According to these standards, the duty for the Agricultural Marketing Fund is a constitutionally impermissible special levy because there is no justifying connection between group homogeneity and factual proximity on the one hand and a special responsibility of those liable to make payment for providing the funding for the exercise of the function on the other hand.

This duty is not a special levy which takes up the idea of causation when special burdens are attributed to those liable to make payment and which finds its justification in a responsibility for the consequences of group-specific circumstances or behaviour. Instead, it is a promotion measure which is carried out compulsorily, the funding of which is imposed on the group of those liable to make payment only for reasons of a benefit which the legislature has intended for this group. Here, the state actively intervenes in the economic system on the basis of the Agricultural Marketing Fund Act through promotion measures which it justifies by giving economic policy reasons; it assigns the need for funding, which arises from these measures in the first place, to the businesses that are burdened with the duty to make payment. From the perspective of those liable to make payment, this financial burden arising from the state's exercising of functions that takes the place of individual entrepreneurial activities as the result of a sovereign decision appears not only as a special burden that must be paid in addition to taxes and which requires justification, but also as a curtailment of their entrepreneurial freedom, which is protected by Article 12.1 of the Basic Law, and it requires specific justification also in this respect. The freedom-restricting nature of the duty becomes especially apparent as regards the advertisement campaigns for agriculture-based products, which are the focus of activities pursued under the Agricultural Marketing Fund Act, as the financial burden which such advertisement campaigns constitute can also be regarded as a curtailment of the enterprise's own advertising budget.

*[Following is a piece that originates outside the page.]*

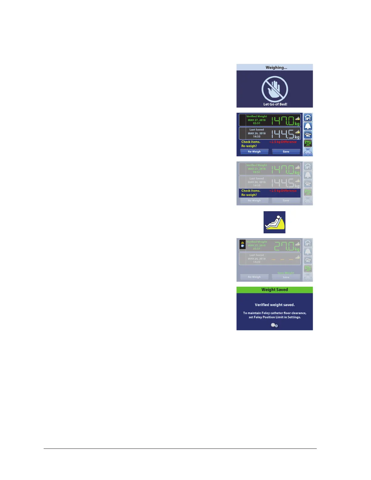 • Re-Weigh—bed will repeat the steps to weigh the patient

Constitutionally permissible agricultural and food policy objectives and possible positive effects of state advertising measures for a specific branch of industry are not alone sufficient for establishing a tangible benefit for the group which would justify funding by special levies instead of tax funding. This also applies because no sufficient indications exist for the assumption of an added value in case of state-organised advertising as compared to privately organised advertising. If a responsibility for providing funding on the part of those liable to make payment can virtually exclusively be justified with a view to the objective and the effect of state-organised promotion measures for the burdened group, stricter requirements exist as regards the use for the benefit of the group. There must be an evident benefit for the group. It is true that this can be the case if state-organised promotion measures are necessary for averting, or compensating for, considerable impairments or special disadvantages, for instance also those which arise in transnational competition. Such a justification, which initially was essential for the Agricultural Marketing Fund Act, has been missing at any rate since 2002, the year under dispute in the original proceedings.

Whilst the Federal Constitutional Court's decision passed in 1990 could still justifiably assume the existence of disadvantages in intra- Community competition that had to be averted, the situation of the German farming and food industry has since stabilised so markedly that a necessity of averting considerable impairments of the competitiveness of the German farming and food industry is now out of the question.